→ Material supplied:
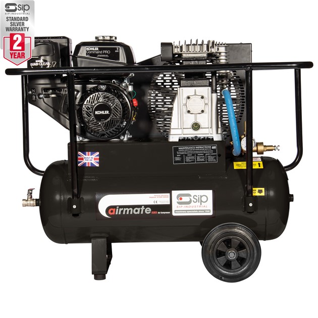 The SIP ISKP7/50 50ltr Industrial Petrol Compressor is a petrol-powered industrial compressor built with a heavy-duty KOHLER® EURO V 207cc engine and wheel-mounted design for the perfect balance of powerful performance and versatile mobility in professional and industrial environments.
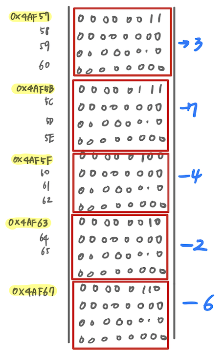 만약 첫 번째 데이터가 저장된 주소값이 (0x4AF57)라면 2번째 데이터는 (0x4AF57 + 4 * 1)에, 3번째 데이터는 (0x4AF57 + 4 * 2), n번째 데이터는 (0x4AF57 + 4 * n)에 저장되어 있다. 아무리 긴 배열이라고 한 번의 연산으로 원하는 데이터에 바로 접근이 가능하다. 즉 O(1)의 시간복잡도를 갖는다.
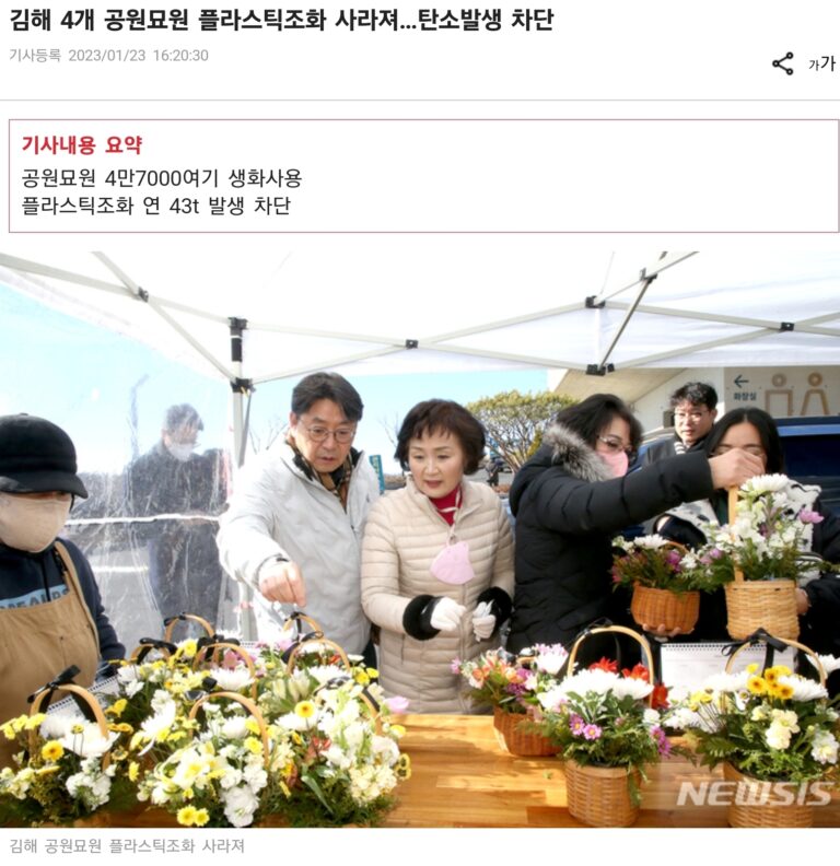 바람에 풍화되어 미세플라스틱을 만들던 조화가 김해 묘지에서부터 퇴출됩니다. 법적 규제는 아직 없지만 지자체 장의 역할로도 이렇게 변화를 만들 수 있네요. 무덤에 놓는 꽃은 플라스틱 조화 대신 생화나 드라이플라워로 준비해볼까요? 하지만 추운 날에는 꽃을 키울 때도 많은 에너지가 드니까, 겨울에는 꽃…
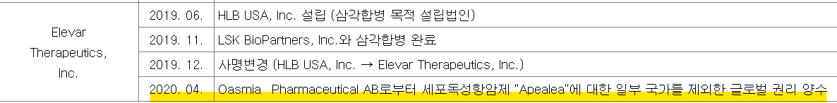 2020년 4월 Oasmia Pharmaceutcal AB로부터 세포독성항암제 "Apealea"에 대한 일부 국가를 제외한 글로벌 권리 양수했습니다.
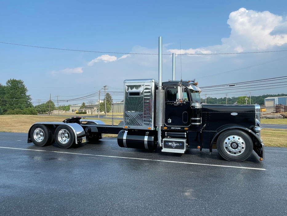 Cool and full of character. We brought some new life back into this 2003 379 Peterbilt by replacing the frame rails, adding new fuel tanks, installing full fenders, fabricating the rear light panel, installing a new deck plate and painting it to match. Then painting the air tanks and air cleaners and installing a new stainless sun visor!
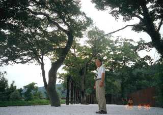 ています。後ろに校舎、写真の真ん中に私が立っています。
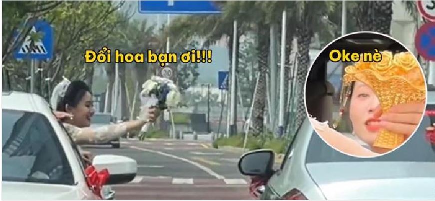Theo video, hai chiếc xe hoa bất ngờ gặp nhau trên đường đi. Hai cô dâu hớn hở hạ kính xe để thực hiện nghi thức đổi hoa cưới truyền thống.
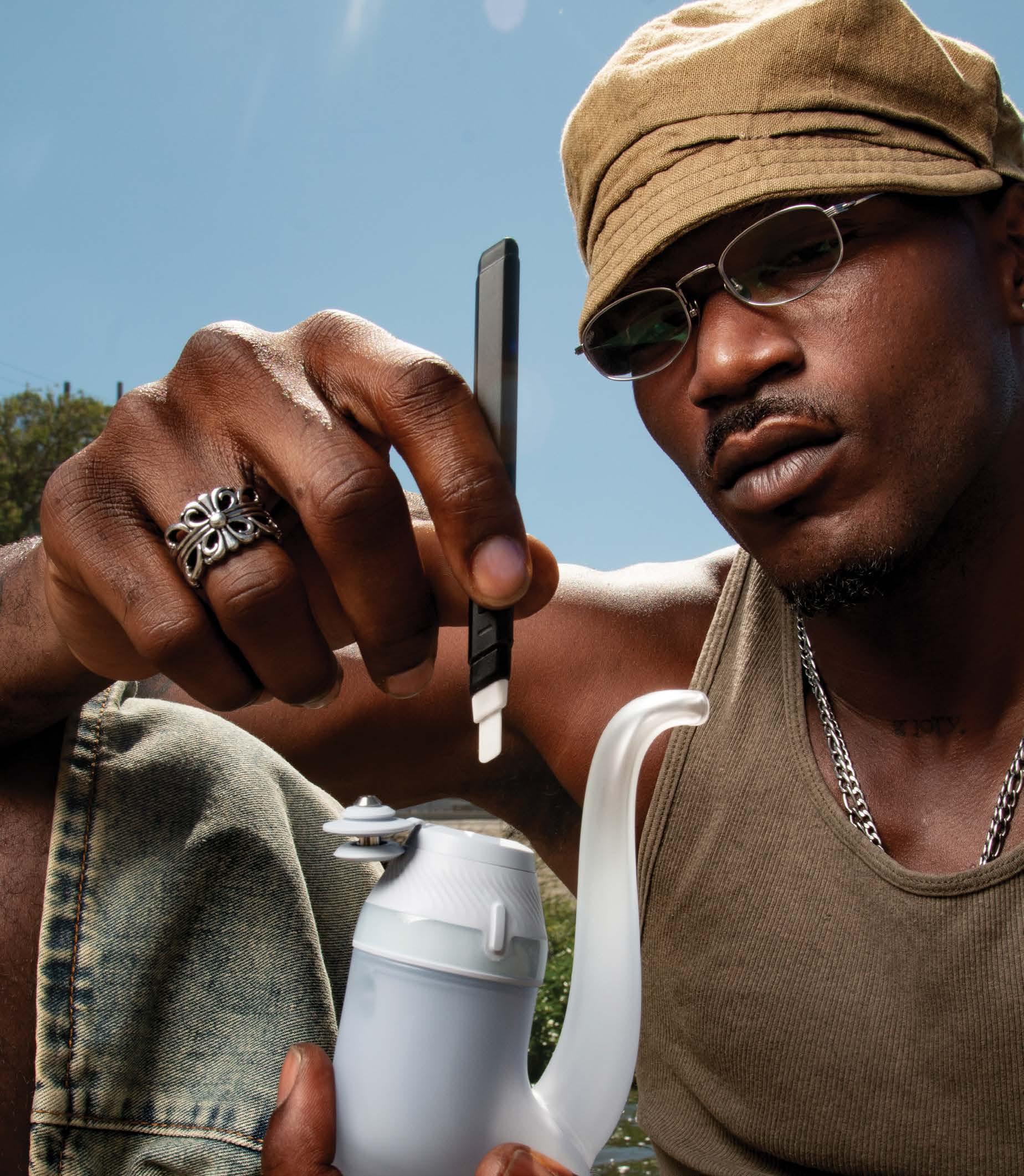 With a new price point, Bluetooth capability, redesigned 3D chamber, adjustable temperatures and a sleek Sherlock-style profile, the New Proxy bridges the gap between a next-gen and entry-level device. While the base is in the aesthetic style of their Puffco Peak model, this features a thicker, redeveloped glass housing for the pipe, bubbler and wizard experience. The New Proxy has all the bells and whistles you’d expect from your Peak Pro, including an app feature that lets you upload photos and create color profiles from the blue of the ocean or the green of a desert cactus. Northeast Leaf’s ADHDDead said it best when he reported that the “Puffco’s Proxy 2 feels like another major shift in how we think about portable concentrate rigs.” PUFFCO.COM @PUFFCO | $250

→ Task description: Leaving out all pictures, transcribe the listing exactly.

→ Finished exercise:
 The SIP ISKP7/50 50ltr Industrial Petrol Compressor is a petrol-powered industrial compressor built with a heavy-duty KOHLER® EURO V 207cc engine and wheel-mounted design for the perfect balance of powerful performance and versatile mobility in professional and industrial environments.
 만약 첫 번째 데이터가 저장된 주소값이 (0x4AF57)라면 2번째 데이터는 (0x4AF57 + 4 * 1)에, 3번째 데이터는 (0x4AF57 + 4 * 2), n번째 데이터는 (0x4AF57 + 4 * n)에 저장되어 있다. 아무리 긴 배열이라고 한 번의 연산으로 원하는 데이터에 바로 접근이 가능하다. 즉 O(1)의 시간복잡도를 갖는다.
 바람에 풍화되어 미세플라스틱을 만들던 조화가 김해 묘지에서부터 퇴출됩니다. 법적 규제는 아직 없지만 지자체 장의 역할로도 이렇게 변화를 만들 수 있네요. 무덤에 놓는 꽃은 플라스틱 조화 대신 생화나 드라이플라워로 준비해볼까요? 하지만 추운 날에는 꽃을 키울 때도 많은 에너지가 드니까, 겨울에는 꽃…
 2020년 4월 Oasmia Pharmaceutcal AB로부터 세포독성항암제 "Apealea"에 대한 일부 국가를 제외한 글로벌 권리 양수했습니다.
 Cool and full of character. We brought some new life back into this 2003 379 Peterbilt by replacing the frame rails, adding new fuel tanks, installing full fenders, fabricating the rear light panel, installing a new deck plate and painting it to match. Then painting the air tanks and air cleaners and installing a new stainless sun visor!
 ています。後ろに校舎、写真の真ん中に私が立っています。
Theo video, hai chiếc xe hoa bất ngờ gặp nhau trên đường đi. Hai cô dâu hớn hở hạ kính xe để thực hiện nghi thức đổi hoa cưới truyền thống.
 With a new price point, Bluetooth capability, redesigned 3D chamber, adjustable temperatures and a sleek Sherlock-style profile, the New Proxy bridges the gap between a next-gen and entry-level device. While the base is in the aesthetic style of their Puffco Peak model, this features a thicker, redeveloped glass housing for the pipe, bubbler and wizard experience. The New Proxy has all the bells and whistles you’d expect from your Peak Pro, including an app feature that lets you upload photos and create color profiles from the blue of the ocean or the green of a desert cactus. Northeast Leaf’s ADHDDead said it best when he reported that the “Puffco’s Proxy 2 feels like another major shift in how we think about portable concentrate rigs.” PUFFCO.COM @PUFFCO | $250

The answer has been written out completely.